Que s'est-il donc passé ? En dehors de la terre d'Israël, Jésus a guéri la fille d'une femme païenne, méprisée parce qu'elle était cananéenne. Et ce n'est pas tout : il est d'accord avec elle et loue sa grande foi. Voilà le germe d'une révolution.

***

MessaInLatino a résumé comme suit les descriptions profondément erronées et hérétiquement blasphématoires du Seigneur Jésus-Christ faites par le Père Spadaro :

- indifférent à la souffrance ;
- irritable et insensible ;
- d'une dureté insondable ;
- théologien impitoyable ;
- moqueur et irrespectueux à l'égard de la pauvre mère ;
- qui fait preuve d'un manque d'attitude, de manière et d'humanité ;
- aveuglé par le nationalisme et le rigorisme théologique ;
- rigide, confus et en manque de conversion ;
- malade et prisonnier de la rigidité et des éléments théologiques, politiques et culturels dominants de son époque ;
- glorificateur de la foi païenne.

Voici l'homélie de saint Jean Chrysostome sur Jésus et la foi de la femme cananéenne.

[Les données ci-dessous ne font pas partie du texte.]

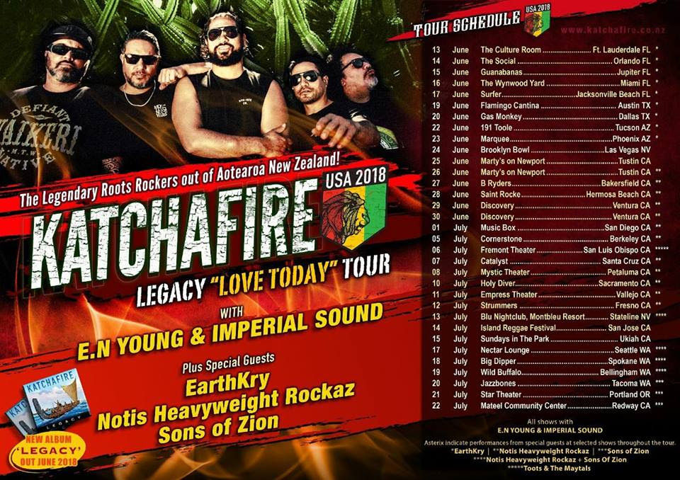 Kingston, Jamaica (MPR Consulting) - For the latter part of 2018, Jamaica's own self-contained roots rock reggae band EarthKry has been on a whirlwind tour, which has seen them, carry the reggae legacy throughout various cities in the United States. Back on their beloved island for a short respite, the band is gearing up for the busy European Reggae Festival season, but have announced that they will first join Katachafire, the legendary reggae band from Hamilton, New Zealand as guests on selected dates of their U.S summer 2018 "Love Legacy" tour. The tour is slated to commence on June 18th and will see EarthKry join Katachafire in Florida (Fort Lauderdale, Orlando, Jupiter, Miami, Jacksonville Beach), Texas (Austin, Dallas, Tucson) and Phoenix, Arizona. Thereafter, the roots, rock reggae band will head out to Europe for their highly anticipated Survival Europe Summer 2018 Tour that will see Vocalist/Guitarist Aldayne Haughtron, Keyboardist Phillip Mcfarlane, Drummer Kieron Cunningham and Bassist Kamardo Blake touch some of Europe biggest stages (stay tuned for full schedule). Speaking on touring with their New Zealand's counterparts, Earthkry's Phillip Mcfarlane stated; "As our aim has been through the vibrations of music to trod the footsteps of The Wailers, Peter Tosh, Jacob Miller, Black Uhuru and Steel Pulse. We have admire other bands who aim to emulate the message, Katachafire has echoed the same sentiment through their various songs, to which we have become fans.", the multi-talented producer/keyboardist also added, "Through their manager we were supposed to tour New Zealand and Australia with them, but the conflict of schedule didn't allow it, so when the opportunity came to join them on their U.S leg, we agreed. All around this is a win for Reggae music lovers and fans and we look forward to join in unity."

Voir également cet article utile de Nicholas LaBlanca dans lequel il démonte les interprétations modernistes et hétérodoxes similaires de ce récit évangélique.


***

La foi d'une Cananéenne
Matthieu 15 : 21-28 :

21 Partant de là, Jésus se retira dans la région de Tyr et de Sidon.

22 Voici qu’une Cananéenne, venue de ces territoires, disait en criant : « Prends pitié de moi, Seigneur, fils de David ! Ma fille est tourmentée par un démon. »

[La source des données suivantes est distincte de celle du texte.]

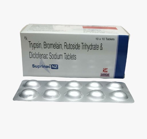 | DICLOSYS-NZ TAB | Each enteric coated tablet contains: Trypsin bp 48 mg. BROMELAIN 90MG, RUTISIDE TRIHYDRATE 100 MG, DICLOFENAC SODIUM 50MG. | 10 X 10 (BLISTER) |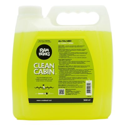 Clean Cabin от Foam Heroes — концентрированный слабощелочной состав для химчистки салона с ароматом киви и зеленого чая, объемом 3 литра Эффективная формула с приятным ароматом помогает удалить даже стойкие загрязнения, не нанося вреда очищаемой поверхности: - быстро и эффективно удаляет загрязнения различного происхождения на ткани, виниле, искусственной коже и пластиковых поверхностях - не повреждает структуру совместимых материалов в процессе очистки - не окрашивает поверхность и не оставляет разводов Используйте Clean Cabin для эффективной химчистки салона автомобиля от общих, в том числе, стойких загрязнений Рекомендации по применению: - перед применением проверьте совместимость готового раствора с обрабатываемой поверхностью на незаметном участке - разведите состав с водой в пропорции 1:10-1:20 в зависимости от степени загрязнения и типа очищаемой поверхности - используйте кисть или щетку для более тщательной обработки и очистки поверхности - протрите поверхность влажным чисты

23 Mais il ne lui répondit pas un mot. Les disciples s’approchèrent pour lui demander : « Renvoie-la, car elle nous poursuit de ses cris ! »

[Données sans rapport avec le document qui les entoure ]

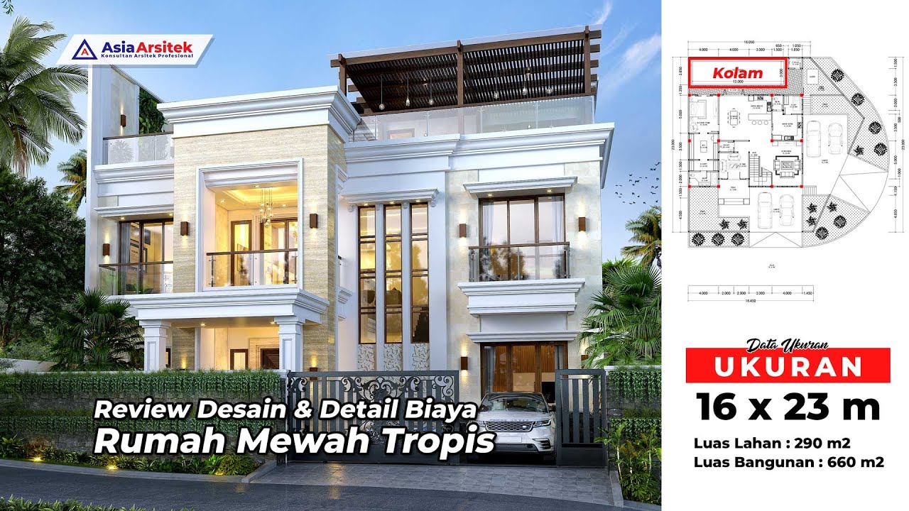 Review Desain Detail Biaya Bangun Rumah Mewah Tropis Modern 3 Lantai di lahan 16x23 meter.
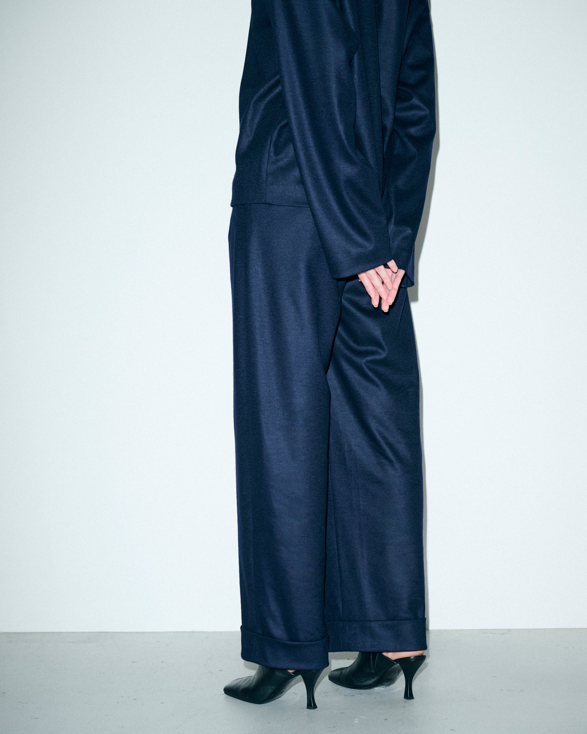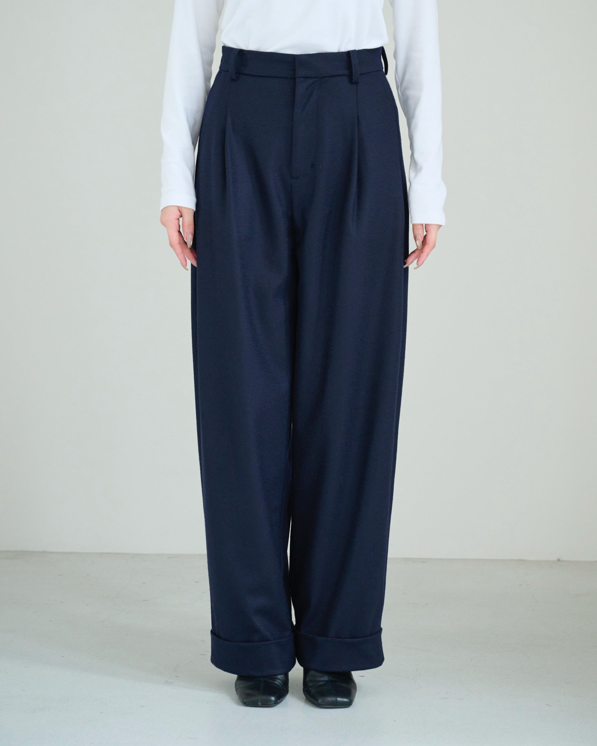 裾をダブル仕立てにすることで、全体のバランスに奥行きを与え、重たくならずに立体感のあるフォルムを演出します。ヒップや太ももを包み込むような柔らかな履き心地と、構築的なラインの両立が叶う一本。 ヒールにもフラットにも合わせやすく、フォーマルにもデイリーにも対応します。

24 Jésus répondit : « Je n’ai été envoyé qu’aux brebis perdues de la maison d’Israël. »

25 Mais elle vint se prosterner devant lui en disant : « Seigneur, viens à mon secours ! »

26 Il répondit : « Il n’est pas bien de prendre le pain des enfants et de le jeter aux petits chiens. »

27 Elle reprit : « Oui, Seigneur ; mais justement, les petits chiens mangent les miettes qui tombent de la table de leurs maîtres. »

28 Jésus répondit : « Femme, grande est ta foi, que tout se passe pour toi comme tu le veux ! » Et, à l’heure même, sa fille fut guérie.